Kay Montgomery of Duluth identified the last mystery: “This piece of public art is in Antwerp, Belgium. It represents the love and friendship between dogs and children, and shows Nello and Patrasche, the heroes of the 19th-century novel,  A Dog of Flanders, sleeping under a cobblestone blanket.” The photo came from the lens of John Fennell of Atlanta, via Susan McBrayer of Sugar Hill. 

Also identifying the mystery were Angela Streetman of Flowery Branch; Jay Altman, Columbia, S.C.; Stew Ogilvie, Lawrenceville; Lisa Parrish, Cumming; Deborah Allen, Hoschton; George Graf, Palmyra, Va.; and Allan Peel of San Antonio, Tex., who added:  “The story of Nello and Patrache is one of setbacks and emotions. But also one with a very universal message: Friendship conquers all, even beyond death. I think that today’s mystery photo is most appropriate as we approach Christmas, as it is a reminder to all of us of the pain, suffering and losses that so many in the world are experiencing today, especially in Israel, Gaza, Ukraine and Russia.”

  • SHARE A MYSTERY PHOTO:  If you have a photo that you believe will stump readers, send it along (but  make sure to tell us what it is because it may stump us too!)  Send to:  elliott@brack.net and mark it as a photo submission.  Thanks.

LAGNIAPPE

Lawrenceville DAR chapter marks national Wreaths Day

On National Wreaths Across America Day, December 16, the Philadelphia Winn Chapter, National Society Daughters of the American Revolution (NSDAR), held their fifth annual wreath ceremony at East Shadowlawn Memorial Gardens in Lawrenceville as one of 4,225 participating locations nationwide and abroad.

The mission of Wreaths Across America is to REMEMBER our fallen U.S. veterans, HONOR those who serve, and TEACH the next generation the value of freedom. Individuals of all ages could lay a fresh balsam wreath on a veteran’s grave and say their name out loud in remembrance and honor of their service and sacrifice. These wreaths were provided by sponsorships and shipped from Maine to each ceremony location.

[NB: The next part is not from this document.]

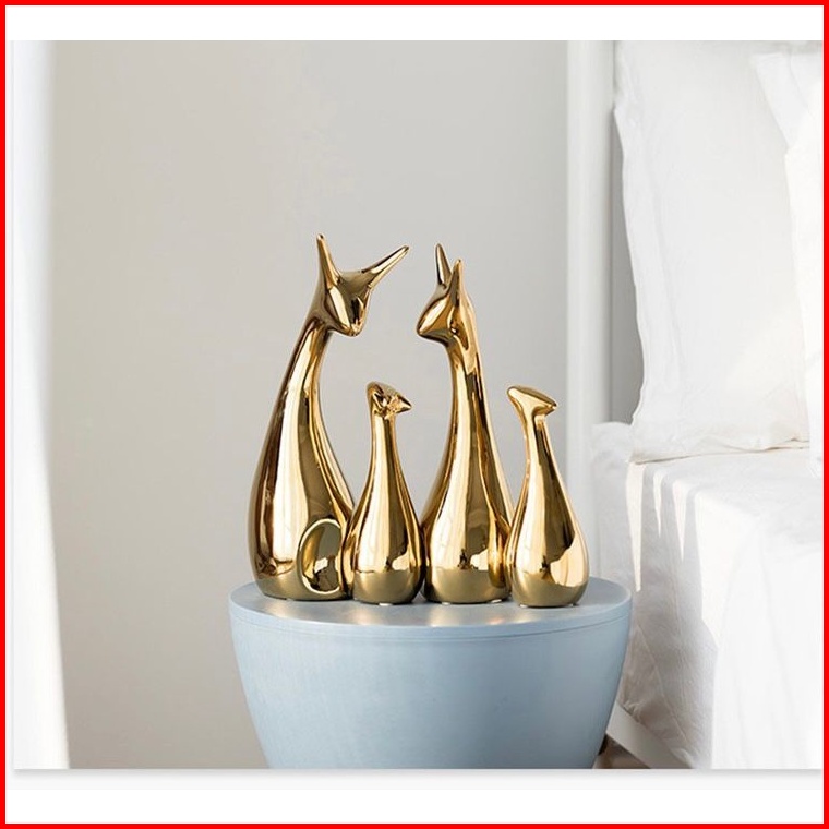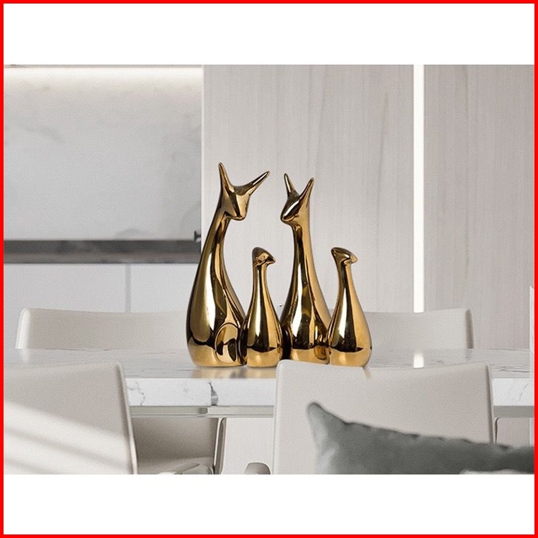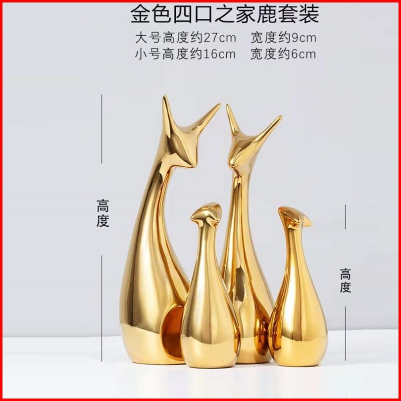 Ornamen Set Rusa 4pc Pajangan Rusa Set Isi 4 Pajangan Rusa Keramik Family Home Patung Dekorasi Golden Deer
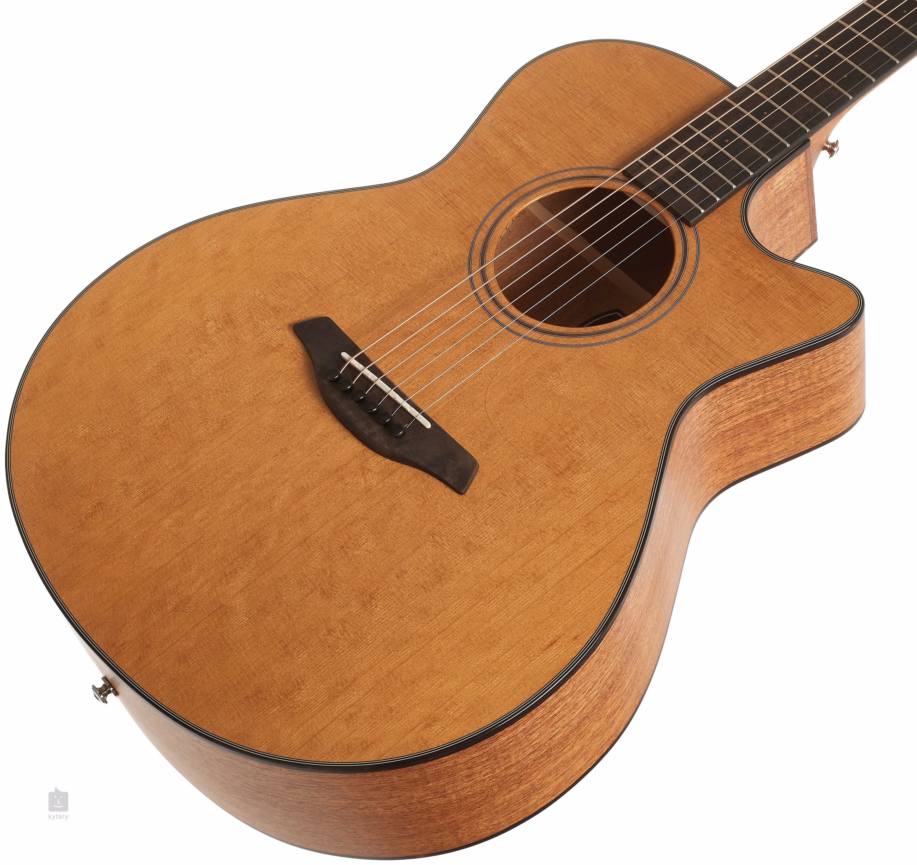 Die Furch Blue Plus Gc-CM CNR Active ist eine Akustikgitarre mit einer modernen Grand-Auditorium-Korpusform, die sich für Fingerpicking und Picking eignet. Die Vorderseite des Instruments besteht aus ausgesuchter roter Zeder in AA-Qualität, während Boden und Zargen aus afrikanischem Mahagoni der gleichen Qualität gefertigt sind. Dank einer speziellen Full-Pore High-Gloss-Lackierung ist das vordere Brett präzise poliert, während die Open-Pore-Lackierung von Boden und Zargen die natürlichen Poren des Holzes freilässt. Die exzellenten akustischen Eigenschaften werden durch die spezielle Verrippung des Resonanzbodens noch verstärkt.

The guest speaker for the ceremony was Gwinnett County Commissioner Jasper Watkins III, a United States Army lieutenant colonel (retired) who served in the military for 25 years. Commissioner Watkins spoke on the importance of remembering our veterans and shared stories of his childhood as the son of a veteran.

The Button Gwinnett Chapter, Sons of the American Revolution (SAR), and Compatriots from the Georgia State Society SAR Color Guard and Militia were in attendance for the presentation of colors, a gunpowder three-musket volley, and TAPS. Additional local organizations included the Elisha Winn Society, Children of the American Revolution (C.A.R.), the Georgia State Society C.A.R., the Parkview High School Marines JROTC Cadets, the Lawrenceville Women’s Club, the Lilburn Women’s Club, the Knights of Columbus, Phi Omicron Zeta chapter of the Zeta Phi Beta Sorority, numerous Boy and Girl Scout Troops, the American Legion, and the VFW.

The sixth annual Wreaths Across America ceremony will be held on Saturday, December 14, 2024.